• Exercise description:
All the data that follows should be repeated exactly, without a single picture.

• Source material:
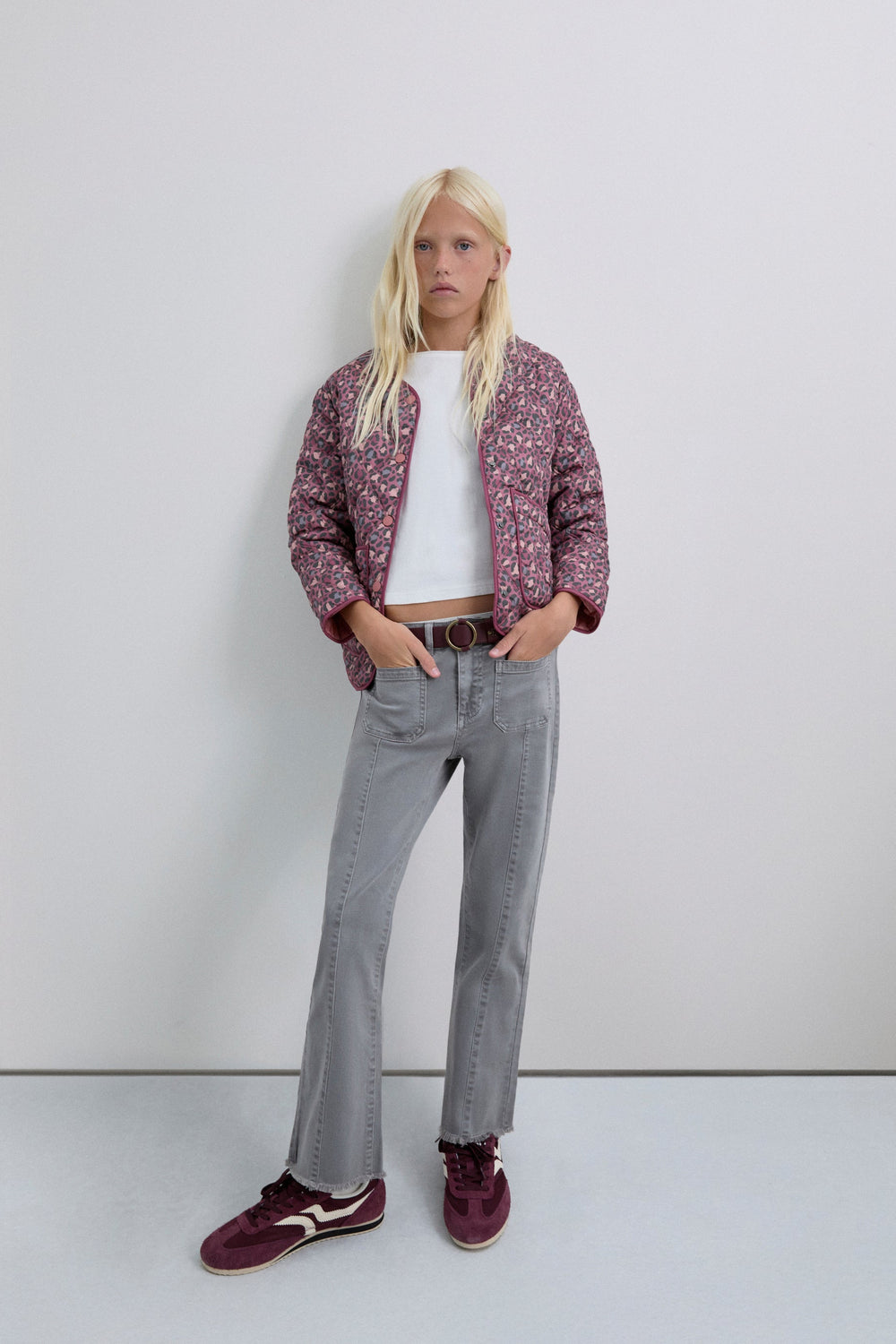 Puffer jacket made of a synthetic blend. Animal print. Button fastening. Slightly V-neck. Long sleeves. Two front pockets.
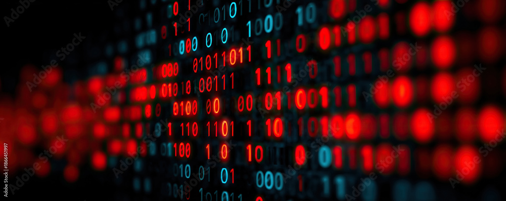 Futuristic binary code background for data transmission and cybersecurity concepts
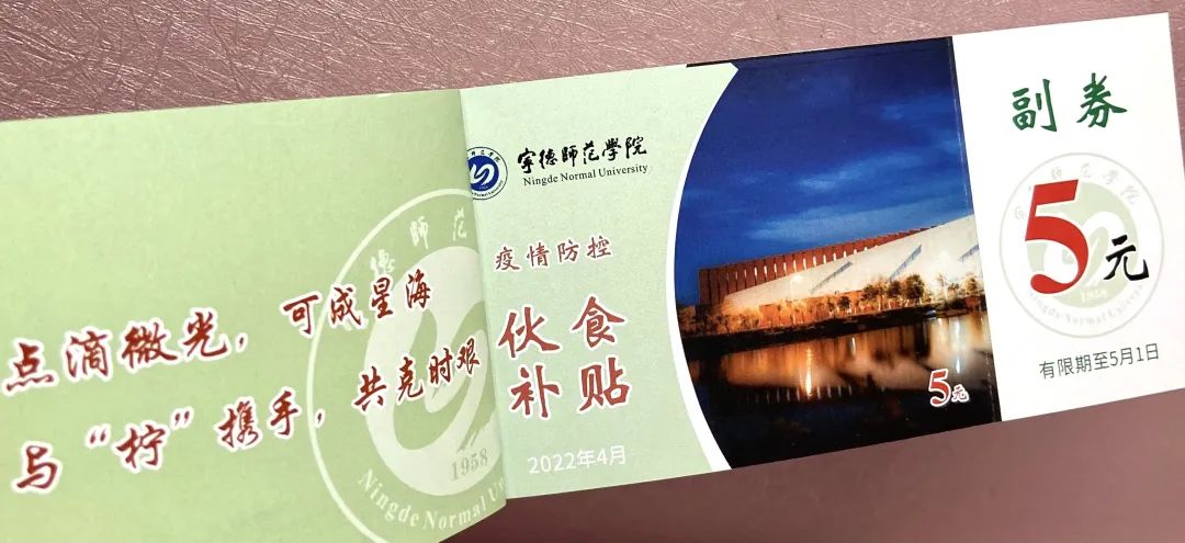 为保障学生疫情期间生活质量,4月19日,学校为8700多名在校生发放60元餐券,每人12张面值五元的使用券。每一张餐券背后是不同的暖心话语,鼓舞着每一个宁师学子,“柠”心聚力,共同抗“疫”。

• Task answer:
 Puffer jacket made of a synthetic blend. Animal print. Button fastening. Slightly V-neck. Long sleeves. Two front pockets.
 Futuristic binary code background for data transmission and cybersecurity concepts
 为保障学生疫情期间生活质量,4月19日,学校为8700多名在校生发放60元餐券,每人12张面值五元的使用券。每一张餐券背后是不同的暖心话语,鼓舞着每一个宁师学子,“柠”心聚力,共同抗“疫”。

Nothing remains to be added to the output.